President Barack Obama plans to enforce a deadline for rail operators to install safety technology by the end of the year, despite warnings from railroads including Union Pacific Corp. and Amtrak that they can’t meet the mandate and would have to suspend some service without an extension.
“Congress enacted this law, including the December 31, 2015, deadline, and we believe it is important that the Department of Transportation enforce the law that Congress passed,” Frank Benenati, a White House spokesman, said Wednesday, the day after lawmakers released a letter from Amtrak saying it might suspend some passenger service if the delay isn’t enacted.
House transportation leaders last week introduced legislation to extend the deadline for three years. House and Senate negotiators have been discussing ways to get the measure through both chambers. Benenati declined to comment on whether Obama would sign legislation extending the deadline because nothing has advanced in Congress.
Railroads have had seven years to install positive train control technology, which can slow or stop trains to avoid crashes, on their locomotives and tracks where passengers or hazardous materials move. The National Transportation Safety Board has been urging deployment of such technology for more than 40 years. The U.S. required it in a 2008 law passed by Congress and signed by President George W. Bush after a texting commuter train engineer in Los Angeles drove his train into a freight train, killing 25 people.

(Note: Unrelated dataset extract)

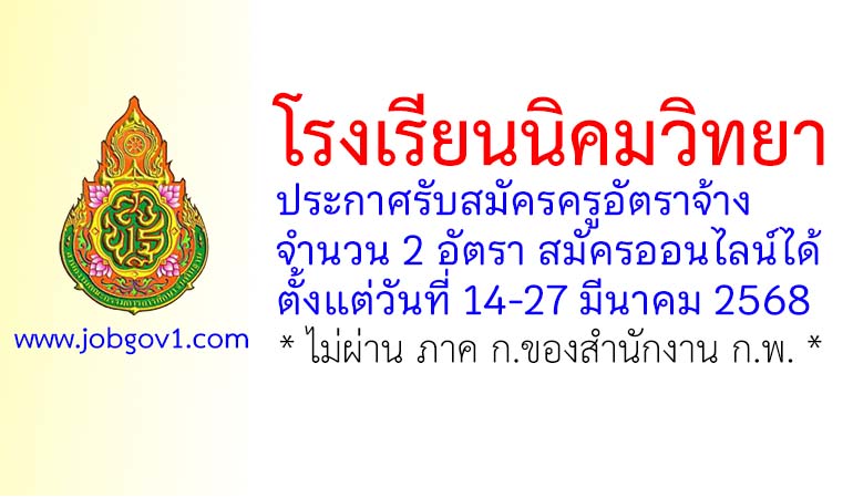 โรงเรียนนิคมวิทยา รับสมัครครูอัตราจ้าง จำนวน 2 อัตรา ตั้งแต่วันที่ 14-27 มีนาคม 2568

Railroads are asking Congress to allow for a three-year delay to install the systems and another two years before they must be fully operational, saying the mandate has been expensive and they’ve faced regulatory delays from agencies including the Federal Communications Commission to get it installed. Senate legislation would require the system to be installed by 2018, though not necessarily fully operational. A House bill introduced last month would also require installation by 2018 and would lay out provisions for two more extensions.
Amtrak this week was the latest railroad to warn Congress it may halt or delay some service if the Dec. 31 deadline stays in place. While Amtrak says it will have the technology up and running on the track between Washington and Boston that it owns, passenger trains in most of the country run on freight rail tracks.
Freight railroads including Union Pacific and BNSF Railway Co., owned by Warren Buffett’s Berkshire Hathaway Inc., have told Congress they won’t be able to meet the deadline.